Description
Before 1940, the Japanese empire stood as the greatest single threat to the American presence in the Pacific and East Asia. To a lesser degree, the formerly hegemonic colonial powers of Britain, France, and the Netherlands still controlled portions of the region. At the same time, subjugated peoples in East Asia and Southeast Asia struggled to throw off colonialism. By the late 1930s, the competition exploded into armed conflict.
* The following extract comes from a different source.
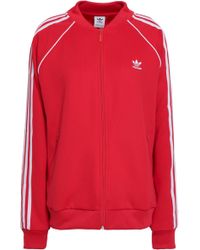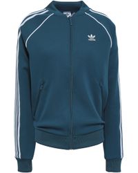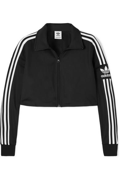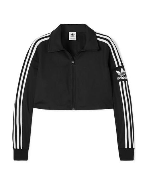 Adidas Originals' jacket is cropped, so it's perfect for wearing with high-rise jeans or a pair of the brand's track trousers. It's made from black stretch-jersey and has a sleek funnel neck shape. Match white trainers to the three stripes along the arms. Colour: black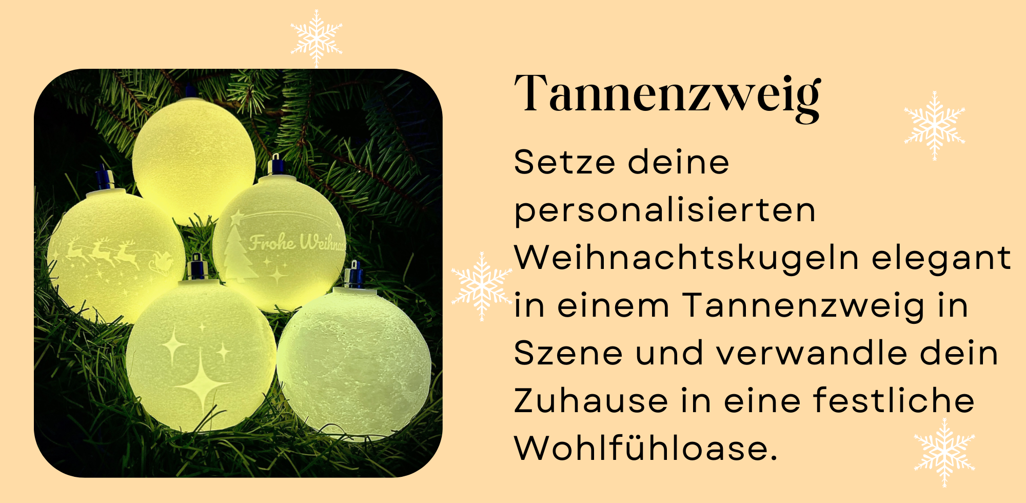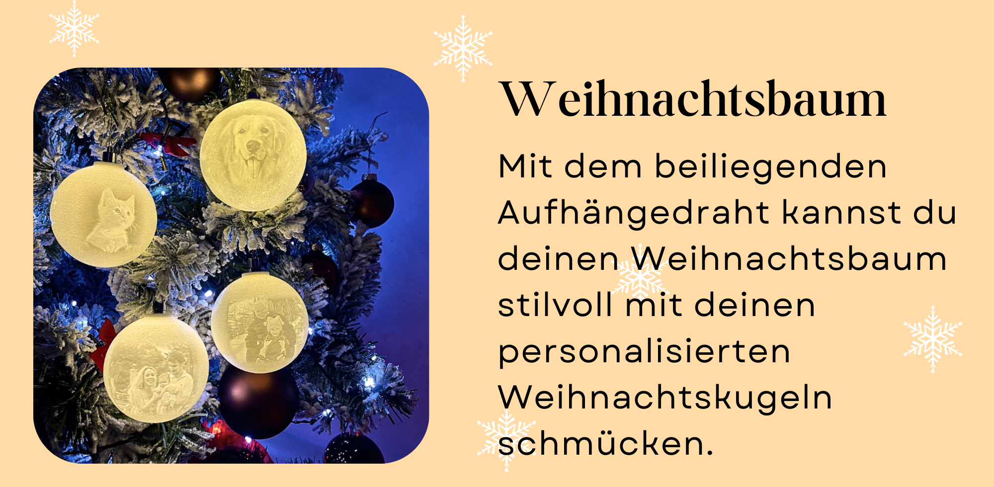 Du kannst uns ganz einfach dein persönliches Bild zusenden. Das können Fotos von Haustieren, Familienbildern, Pärchenfotos oder auch ein Firmenlogo sein. Wir drucken dieses Bild auf die Kugel. Zusätzlich hast du die Möglichkeit, zwischen verschiedenen weihnachtlichen Hintergründen auszuwählen, um dein Bild perfekt in Szene zu setzen.

Japan looked like the early victor, but the United States eventually established itself as the hegemonic power in the Pacific Basin by 1945. Yet when it comes to the American movement out into the Pacific, there is more to the story that has yet to be revealed.
In War in the American Pacific and East Asia, 1941--1972, editor Hal Friedman brings together nine essays that explore lesser known aspects and consequences of America's military expansion into the Pacific during and after World War II. This study explores how the United States won the Pacific War against Japan and how it sought to secure that victory in the decades that followed, ensure it never endured another Pearl Harbor--style defeat, and saw the Pacific fulfill a Manifest Destiny--like role as an American frontier projected toward East Asia.
The collection explores the role of the US military in the Pacific Basin in different ways by presenting essays on interservice rivalry and military advising as well as unique topics that are new to military history, such as the investigations of strategic communications, military public relations, institutional cultures of elite forces, foodways, and the military's interaction with the press. Together, these essays provide a path for historians to pursue groundbreaking areas of research about the Pacific and establish the Pacific War as the pivotal point in the twentieth century in the Pacific Basin.